### Problem statement
Extract each line of the material that follows exactly and omit its pictures.
*** Information given Section Begins ***
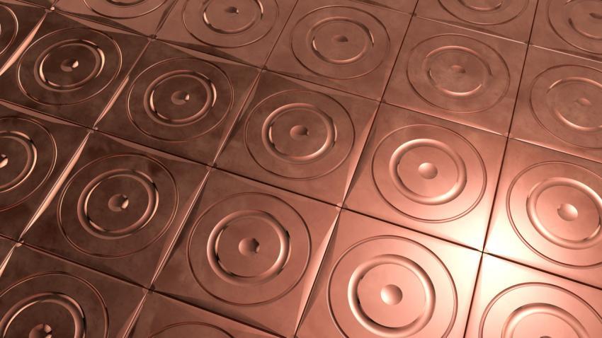 Tile with a copper metal texture Perspective Extruded ring patterns
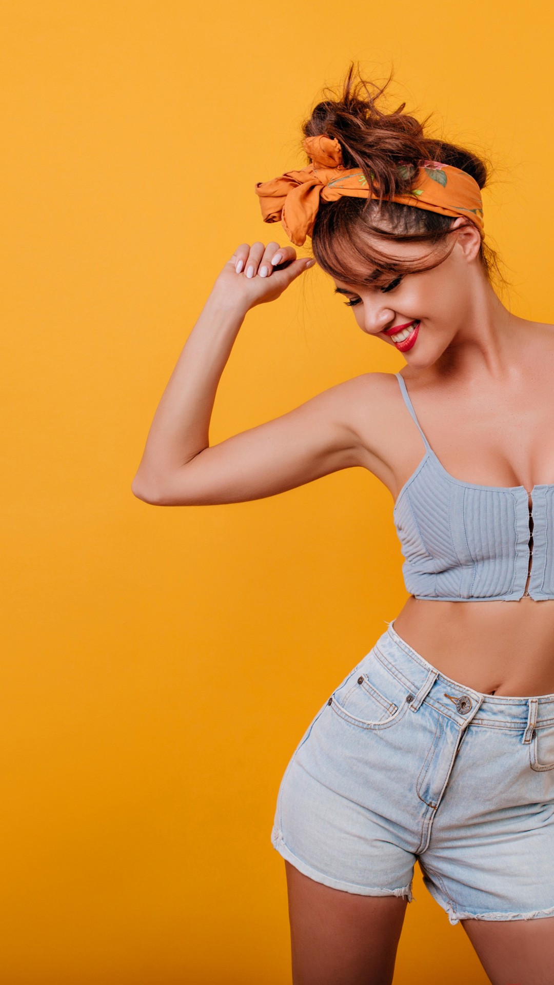 Girl Denim Shorts Yellow Wallpaper - 1080x1920
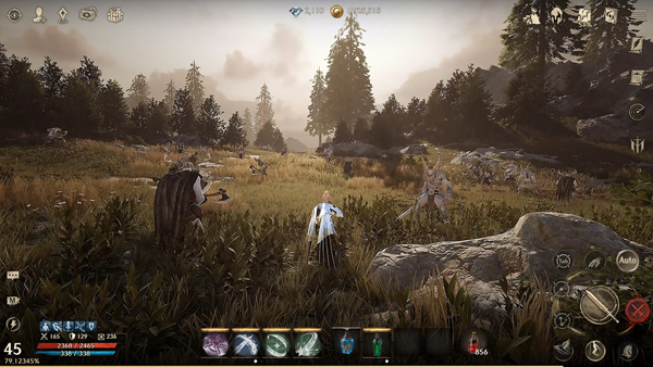 6、正式进入游戏世界,采用侧滑式操作,左手控制移动,右手负责攻击、跳跃等动作指令;
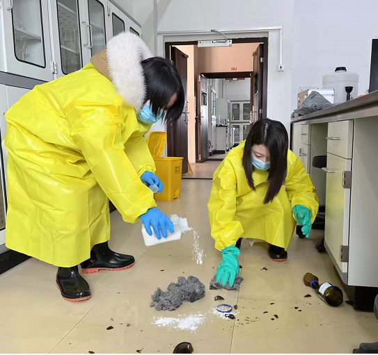 2023年2月23日上午,我院实验教学中心组织开展危化品泄漏应急处置演练。学院分管副院长范俐及实验教学中心全体管理人员参加了此次演练。
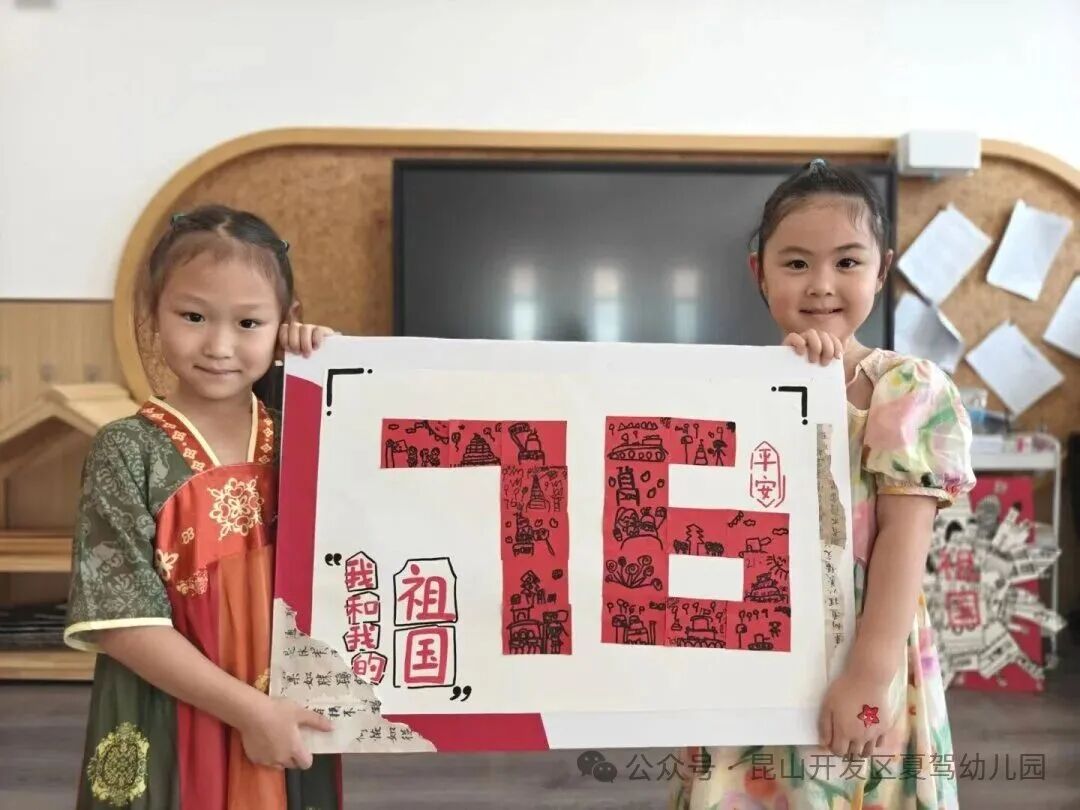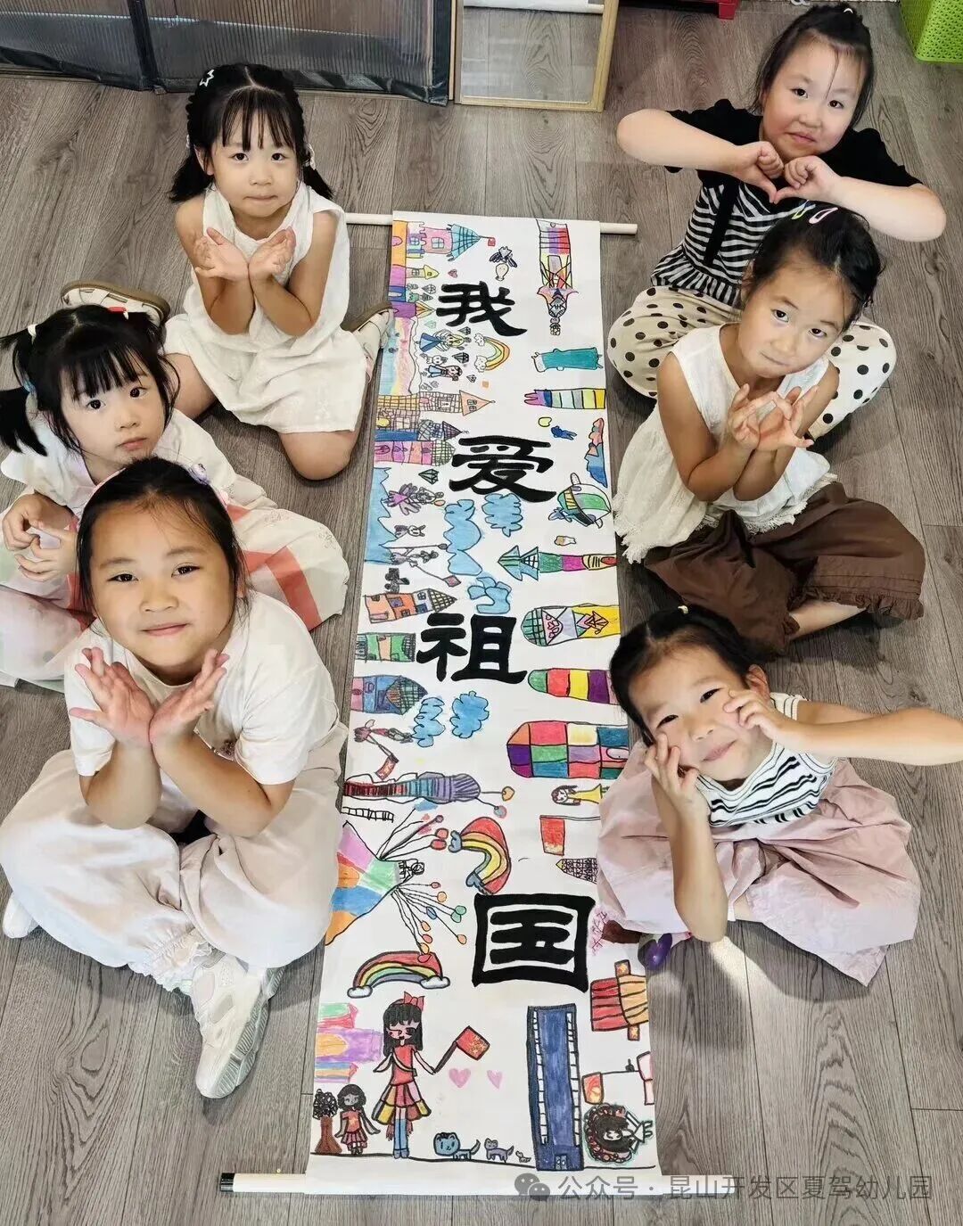 有的孩子画碧水蓝天,说 “这是祖国的漂亮风景”;有的孩子画高楼大厦,说 “这是我们住的城市”;还有的孩子画一群小朋友手拉手,中间写着 “我爱祖国”。
*** Information given Section Ends ***
### Result of this task
 Tile with a copper metal texture Perspective Extruded ring patterns
 Girl Denim Shorts Yellow Wallpaper - 1080x1920
 6、正式进入游戏世界,采用侧滑式操作,左手控制移动,右手负责攻击、跳跃等动作指令;
 2023年2月23日上午,我院实验教学中心组织开展危化品泄漏应急处置演练。学院分管副院长范俐及实验教学中心全体管理人员参加了此次演练。
 有的孩子画碧水蓝天,说 “这是祖国的漂亮风景”;有的孩子画高楼大厦,说 “这是我们住的城市”;还有的孩子画一群小朋友手拉手,中间写着 “我爱祖国”。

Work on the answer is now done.